CYP3A4 activity assays with testosterone
End-point CYP3A4 activity was assayed from the conversion of testosterone to 6β-hydroxytestosterone. To assay the activity of CYP3A4 in solution, each enzymatic reaction contained P450 (0.4 μM), testosterone (50 μM) and either CPR (1.6 μM)/NADPH (2 mM), or cumene hydroperoxide (CHP, 100 μM) in KPi buffer (0.1 M at pH 7.4) in a final volume of 75 μL. For agarose resin-immobilized P450, each reaction contained P450 (ca. ~0.4 μM, 70 μL resin, supernatant removed), testosterone (667 μM) and either CPR (1.6 μM) and NADPH (1 mM) or CHP (1 mM) in KPi buffer (0.1 M at pH 7.4) in a final volume of 150 μL. Similarly, for microsphere-immobilized P450, each reaction contained P450 (ca. 0.4 μM, 150 μL microsphere suspension), testosterone (667 μM) and CHP (1 mM) in KPi buffer (0.1 M at pH 7.4) in a final volume of 300 μL. The buffer, testosterone, P450 and CPR (if required) were combined and pre-incubated for 5 minutes at 37°C. The reactions were initiated by the addition of NADPH or CHP, and the reaction was allowed to proceed for 1 h at 37°C with shaking at 250 RPM. At the end of the reaction, the tubes were spiked with internal standard cortexolone (5 μL from a 200 μM stock solution in methanol) and extracted with ethyl acetate (0.5 mL).

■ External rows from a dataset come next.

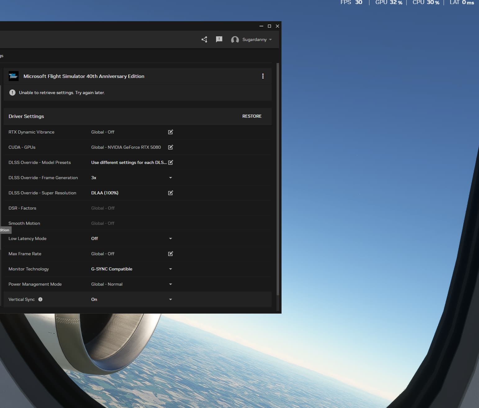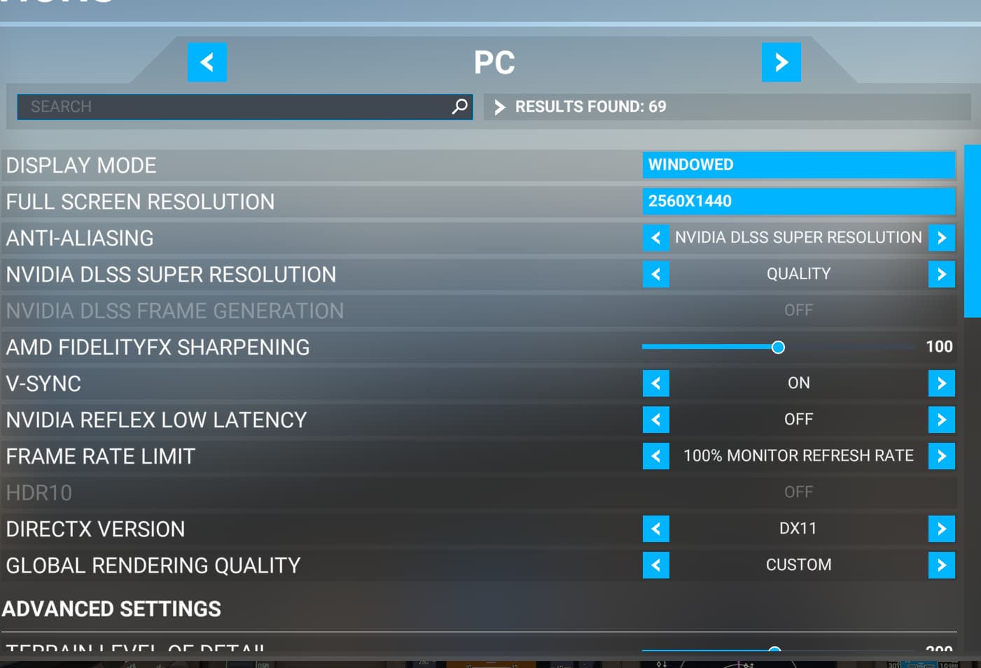 In Developer Mode, I’m seeing around 30-35 FPS. I play on a single AOC monitor at 1440p with a size of 31.5 inches. All external software is disabled—no Firefox or other background programs running. MSFS is installed on a Samsung 990 Pro SSD.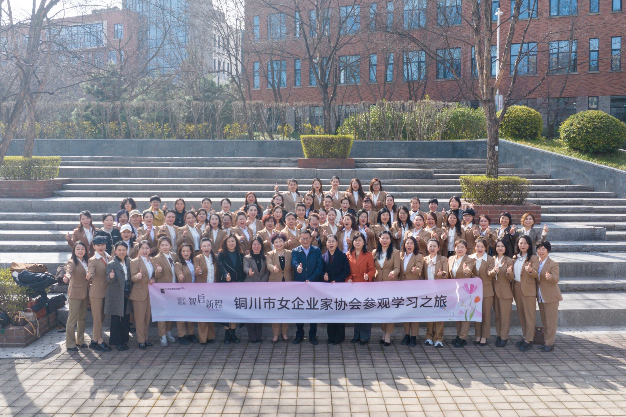(图一-图四)张乐芳副校长带领女企业家们参观校园
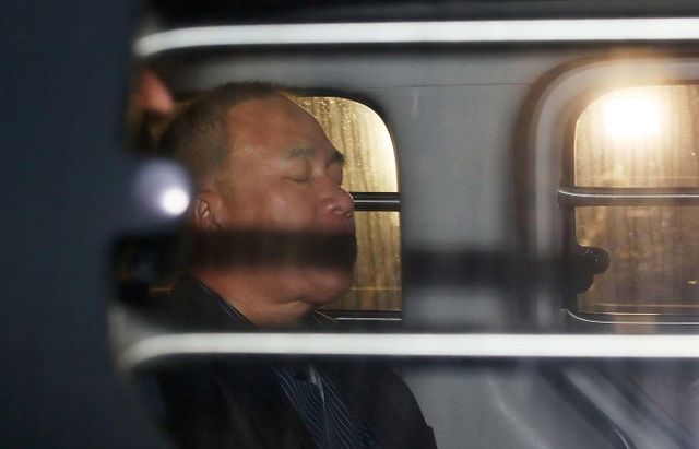 윤석열 대통령 부부 공천 개입 의혹의 핵심 인물인 명태균 씨가 11월 14일 오후 공천을 대가로 정치자금을 주고받은 혐의(정치자금법 위반)로 경남 창원시 성산구 창원지방법원에서 열린 구속 전 피의자 심문(영장실질심사)을 마친 후 대기 장소인 창원교도소로 가기 위해 호송차에 탑승하고 있다. / 뉴스1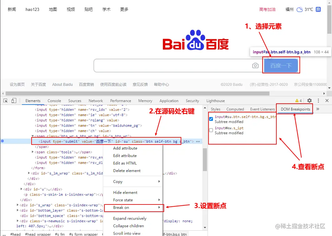 在元素的右键菜单中选择断点选项(Break on…),选中之后,当元素被修改(通常是被 JS 代码修改)时,页面加载会暂停,然后可以查看该元素的属性。元素断点添加之后,可以在右侧栏的 DOM Breakpoints 页面中看到,这个页面可以看到当前网页的所有元素断点。

The extracts were evaporated and re-dissolved in acetonitrile (75 μL for the resin or 150 μL for the microspheres) before HPLC analysis. Separation and quantification of the product (relative to the internal standard cortexolone) was achieved using a 250 × 4.60 mm Synergi 4 μm Hydro-RP 80 Å column in line with a UV detector (set to monitor at 244 nm) using mobile phases A (Milli-Q water) and B (acetonitrile) at a flow rate of 0.5 mL/min. Elution consisted of an initial isocratic step at 50% phase B for 5 min followed by an increase to 70% phase B over the next 7 min and finally to 95% phase B over the final 8 min. The retention times were generally 7.1 min for the product 6β-hydroxytestosterone, 10.1 min for the internal standard cortexolone and 15.8 min for the substrate testosterone.
Determination of initial rates for CYP3A4 using the substrate 7-benzyloxy-4-trifluoromethylcoumarin (BFC)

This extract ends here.